We'll get on the trail!"
"What's the trail, Daddy?" asked Teddy of his father.
"Oh, it means the marks the Indians' ponies may have left in the soft ground," said Mr. Martin. "Uncle Frank and his cowboys will try to trail, or follow, the marks of the horses' feet, and see where the Indians have gone."
"Can't I come?" asked Teddy. "I can ride good now!"
"Oh, no indeed you can't go!" cried Mother Martin. "Are you going?" she asked her husband.
"Yes," he answered. "I think I'll go on the trail with Uncle Frank."
CHAPTER XVII
THE CURLYTOPS ALONE
Teddy and Janet sat on a bench outside the cowboys' bunkhouse, as their father, Uncle Frank and a number of the ranchmen rode away over the prairies on the trail of the Indians. The Curlytops did not seem very happy.
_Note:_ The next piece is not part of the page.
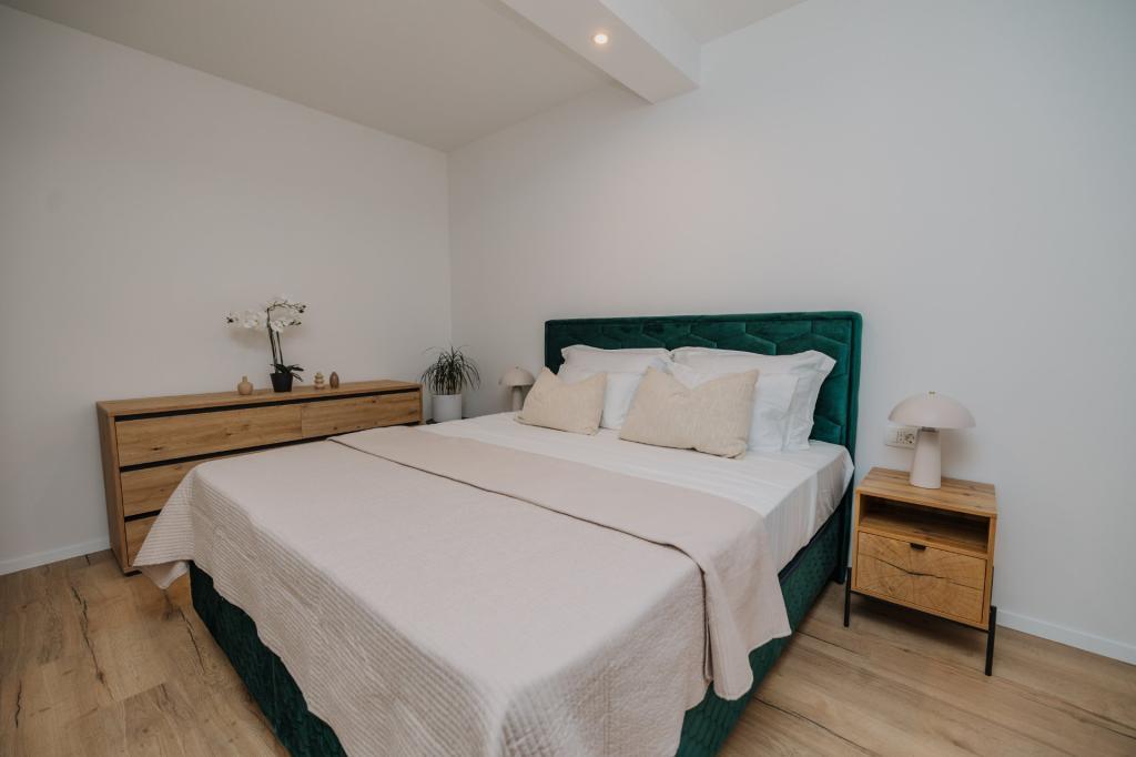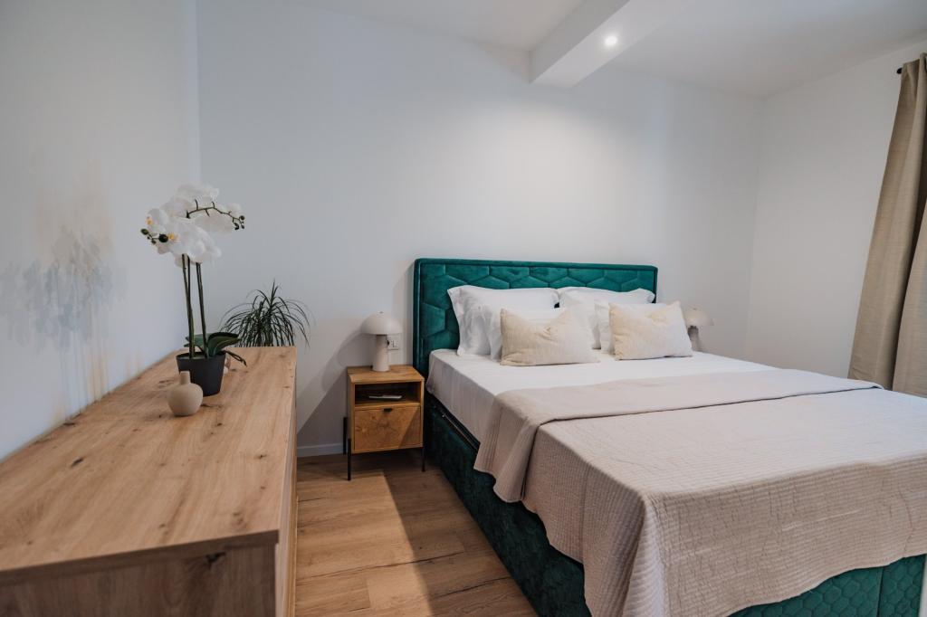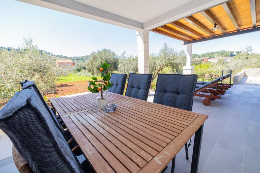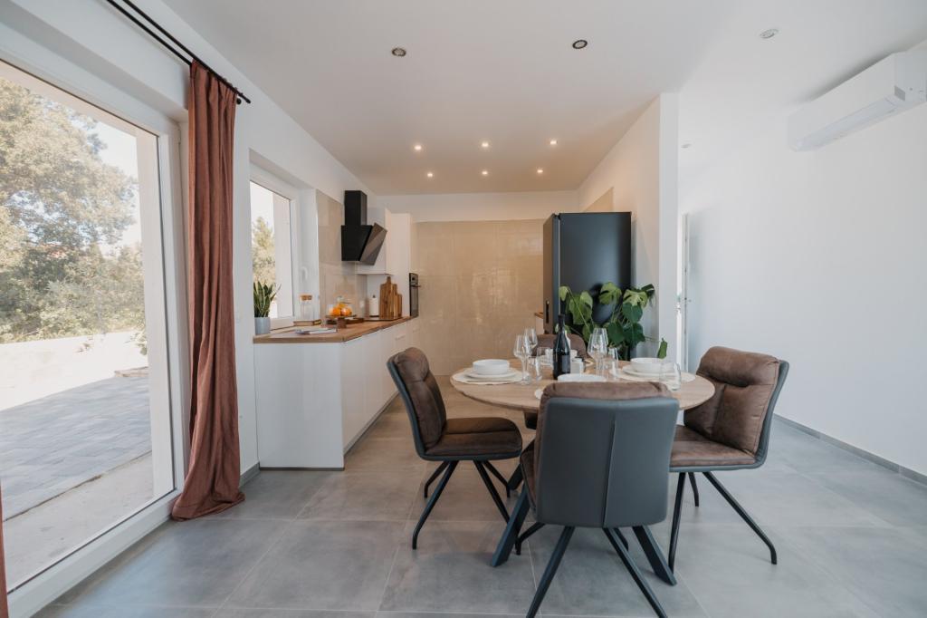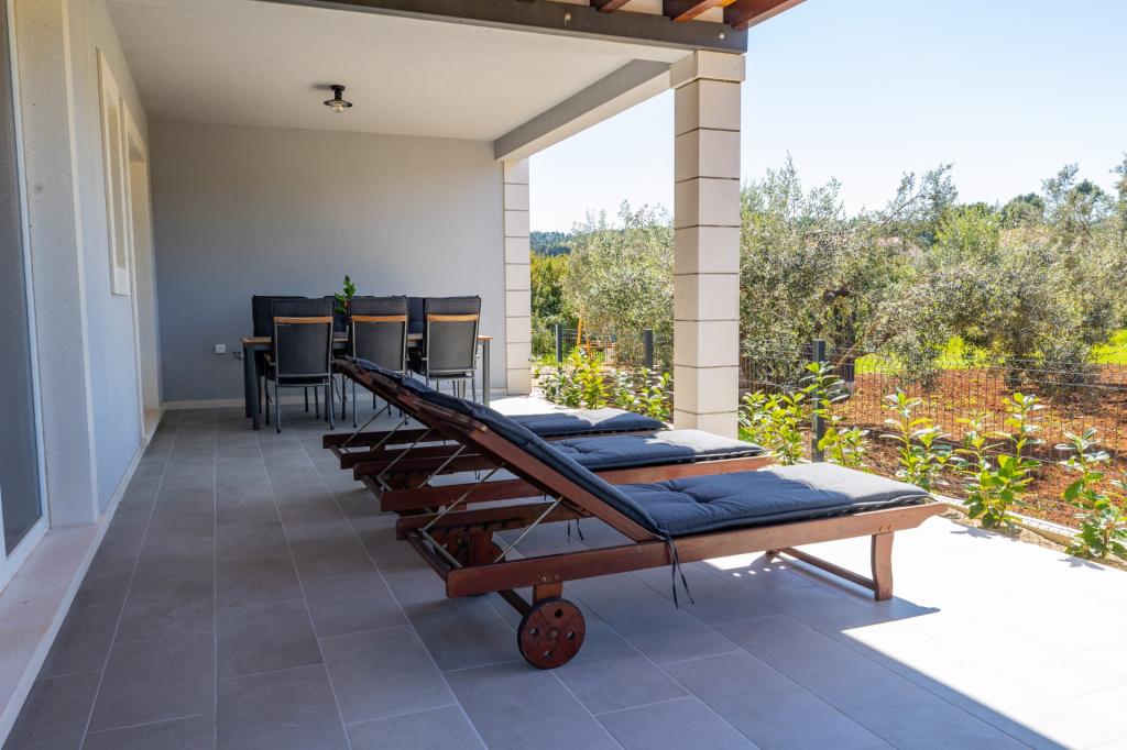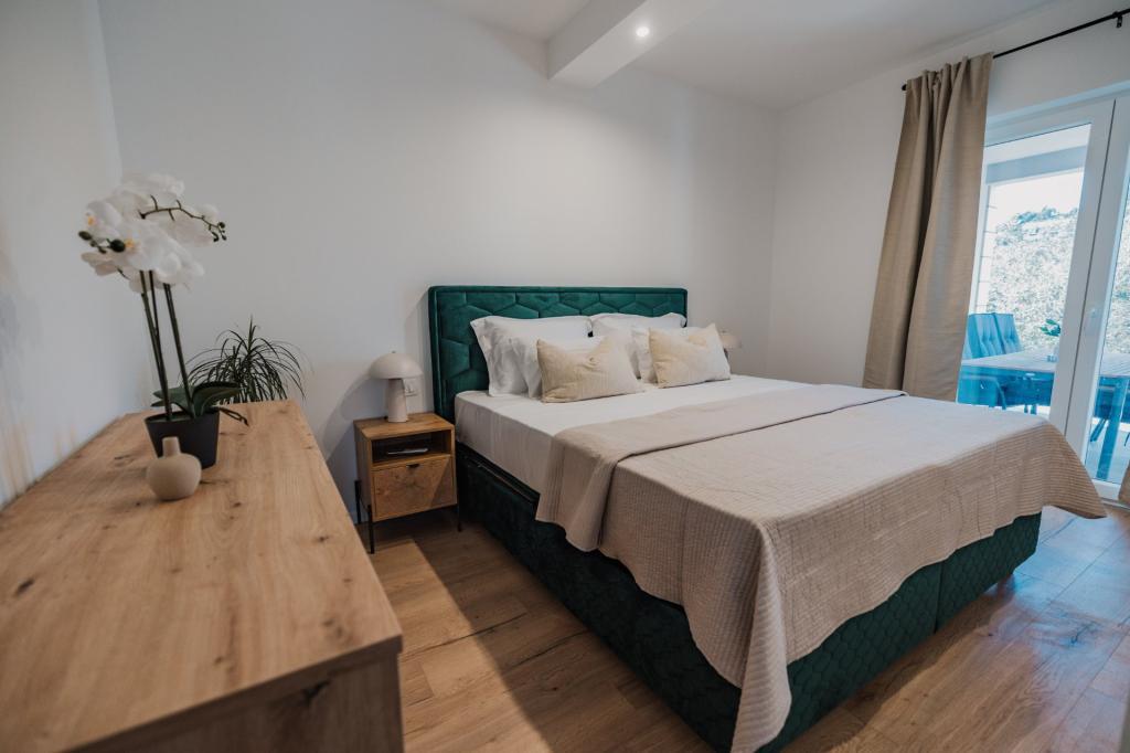 V Lumbardi na otoku Korčula se oddaja na novo prenovljen in moderno opremljen apartma, ki se nahaja v pristnem ambientu prostornega oljčnega nasada, ki gostom zagotavlja absolutno intimnost in mir. Apartma se razprostira na 75 kvadratnih metrih notranjega prostora z dvema spalnicama in dvema straniščema, poseben poudarek pa je na zunanjosti, ki vključuje veliko 35 kvadratnih metrov veliko teraso in 100 kvadratnih metrov velik vrt, idealen za sprostitev v samoti. Notranjost je popolnoma opremljena za udobno bivanje štirih oseb, vključno s pomivalnim strojem v kuhinji, pralnim strojem v kopalnici, MaxTV in hitrim 5G internetom, za družine z majhnimi otroki pa je na zahtevo na voljo otroška posteljica. Lokacija je popolna kombinacija zasebnosti in bližine vseh ugodnosti; prvi zaliv za kopanje je oddaljen le 200 metrov, središče mesta 800 metrov, medtem ko so znane velike peščene plaže oddaljene približno 2 kilometra. Gostom je na voljo zasebno parkirišče v stavbi.

"Don't you wish _we_ could go, Jan?" asked Teddy, after he and his sister had sat in silence for some time.
"I just guess I _do_!" she exclaimed. "I can ride good, too. Almost as good as you, Ted, and I don't see why we couldn't go!"
"Yes, you ride nice, Jan," said her brother. "But I thought you were afraid of Indians."
"I used to be, but I'm not any more. Anyway, if you'd stay with me I wouldn't be. And, anyhow, Uncle Frank says the Indians won't hurt us."
"Course they won't! I'm not afraid! I'd go on the trail after 'em if they'd let us."
"So would I. We could throw stones at 'em if they tried to hurt us, Teddy."
"Yes. Or we could ride our ponies fast and get away. Uncle Frank told me the Indians didn't have any good ponies, and that's why they took his."
"But we can't go," said Janet with a sigh.
"No; we've got to stay at home."
A little later a cowboy came limping out of the bunkhouse. His name was Sim Body, but all his friends called him "Baldy" because he had so little hair on his head.
"h.e.l.lo, Curlytops!" cried Baldy in a jolly voice, for he was always good-natured. Even now he was jolly, though he had a lame foot where a horse had stepped on it. That is why he was not on the trail after the Indians with the other cowboys.
"h.e.l.lo," answered Teddy, but he did not speak in a jolly voice.
"Why, what's the matter?" asked Baldy with a laugh, as he limped to the bench and sat down near the two children. "You act as sad and gloomy as if there wasn't a Christmas or a New Year's any more, to say nothing of Fourth of July and birthdays! What's the matter? Seems to me, if I had all the nice, curly hair you two have, I'd be as happy as a horned toad and I'd go around singing all day long," and Baldy rubbed his hand over his own smooth head and laughed.
"I don't like my hair," grumbled Teddy. "It's always getting snarled and the comb gets stuck in it."
"And it does in mine, too," added Janet. "And mother pulls when she tries to untangle it. Mine's longer than Ted's."
"Yes, and nicer, for that reason," went on Baldy. "Though I'd be glad if I had even half of yours, Teddy. But never mind about that. I won't take your hair, though I'd like to know what makes you both so gloomy-like.
Can't you smile?"
Ted and Janet could not help laughing at Baldy, he seemed so funny. He was a good friend of theirs.
"We can't go on the trail after Indians," said Janet. "We want to go, but we've got to stay here."
"And we can ride our ponies good, too," went on Teddy. "Uncle Frank said we could."
"Yes, you're getting to be pretty good riders," admitted Baldy. "But that isn't saying you're big enough to go on a trail after Indians. Of course these Indians may not be very bad, and maybe they aren't the ones that took our horses. But riding on a trail takes a long while, and maybe the boys will be out all night in the open. You wouldn't like that."
"We went camping with our grandpa once," declared Teddy.
"And we slept in a tent," added his sister.
"And we saw a funny blue light and we thought it was a ghost but it wasn't," continued Teddy.
"Hum! A ghost, eh?" laughed Baldy. "Well, I've never been on a trail after one of _them_, but I've trailed Indians--and helped catch 'em, too."
"How do you do it?" asked Teddy eagerly.